Problem requirements: Restate word for word the lines below that run from the one holding "Bitte kein undehnbares" through the one holding "管理員對各業務建立業務定義。", inclusive. Pictures don't belong in the copy.

== Data extract

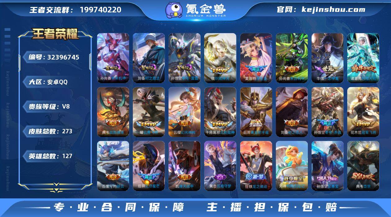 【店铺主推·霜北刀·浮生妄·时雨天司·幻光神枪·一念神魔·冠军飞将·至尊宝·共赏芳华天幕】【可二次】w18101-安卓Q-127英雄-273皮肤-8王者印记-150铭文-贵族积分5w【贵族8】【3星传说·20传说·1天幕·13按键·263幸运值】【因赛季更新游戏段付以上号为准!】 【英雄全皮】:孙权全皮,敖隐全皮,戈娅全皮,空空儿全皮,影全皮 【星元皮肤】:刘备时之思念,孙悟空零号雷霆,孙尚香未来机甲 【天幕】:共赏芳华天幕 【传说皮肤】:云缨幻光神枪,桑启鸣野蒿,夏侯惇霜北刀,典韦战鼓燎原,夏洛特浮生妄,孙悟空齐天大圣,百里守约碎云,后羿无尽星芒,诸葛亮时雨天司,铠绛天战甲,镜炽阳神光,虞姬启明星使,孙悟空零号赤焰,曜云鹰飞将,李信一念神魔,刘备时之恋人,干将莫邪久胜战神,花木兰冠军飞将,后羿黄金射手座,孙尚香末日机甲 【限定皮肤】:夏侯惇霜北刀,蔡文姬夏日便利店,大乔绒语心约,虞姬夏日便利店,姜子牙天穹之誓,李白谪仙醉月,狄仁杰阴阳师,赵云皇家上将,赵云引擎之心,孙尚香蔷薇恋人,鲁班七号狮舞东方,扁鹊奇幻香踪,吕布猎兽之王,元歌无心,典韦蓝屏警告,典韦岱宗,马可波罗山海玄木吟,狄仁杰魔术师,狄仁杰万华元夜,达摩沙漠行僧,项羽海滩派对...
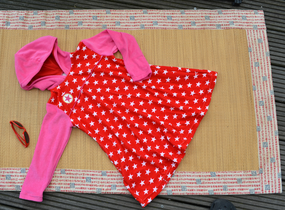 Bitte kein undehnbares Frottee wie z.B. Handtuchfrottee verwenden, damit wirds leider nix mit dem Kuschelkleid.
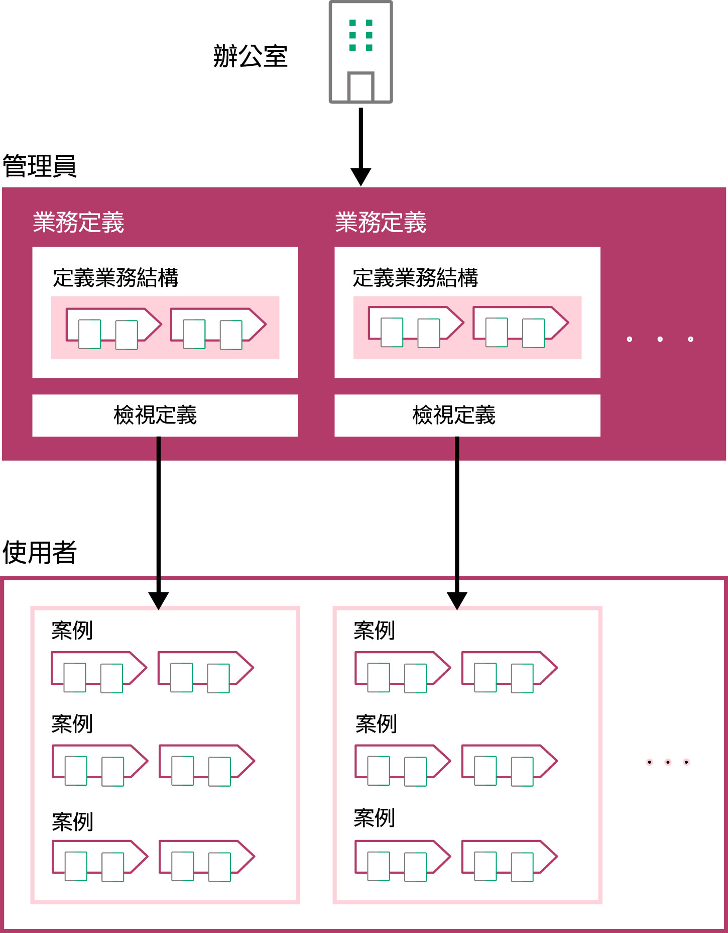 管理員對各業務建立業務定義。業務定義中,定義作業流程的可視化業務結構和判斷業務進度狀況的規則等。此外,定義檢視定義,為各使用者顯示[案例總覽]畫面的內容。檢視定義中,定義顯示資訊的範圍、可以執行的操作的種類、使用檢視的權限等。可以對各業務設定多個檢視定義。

====
== Data extract

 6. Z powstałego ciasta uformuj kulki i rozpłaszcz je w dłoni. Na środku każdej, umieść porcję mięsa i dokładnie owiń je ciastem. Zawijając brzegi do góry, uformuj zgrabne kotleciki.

====

Solution:
 Bitte kein undehnbares Frottee wie z.B. Handtuchfrottee verwenden, damit wirds leider nix mit dem Kuschelkleid.
 管理員對各業務建立業務定義。業務定義中,定義作業流程的可視化業務結構和判斷業務進度狀況的規則等。此外,定義檢視定義,為各使用者顯示[案例總覽]畫面的內容。檢視定義中,定義顯示資訊的範圍、可以執行的操作的種類、使用檢視的權限等。可以對各業務設定多個檢視定義。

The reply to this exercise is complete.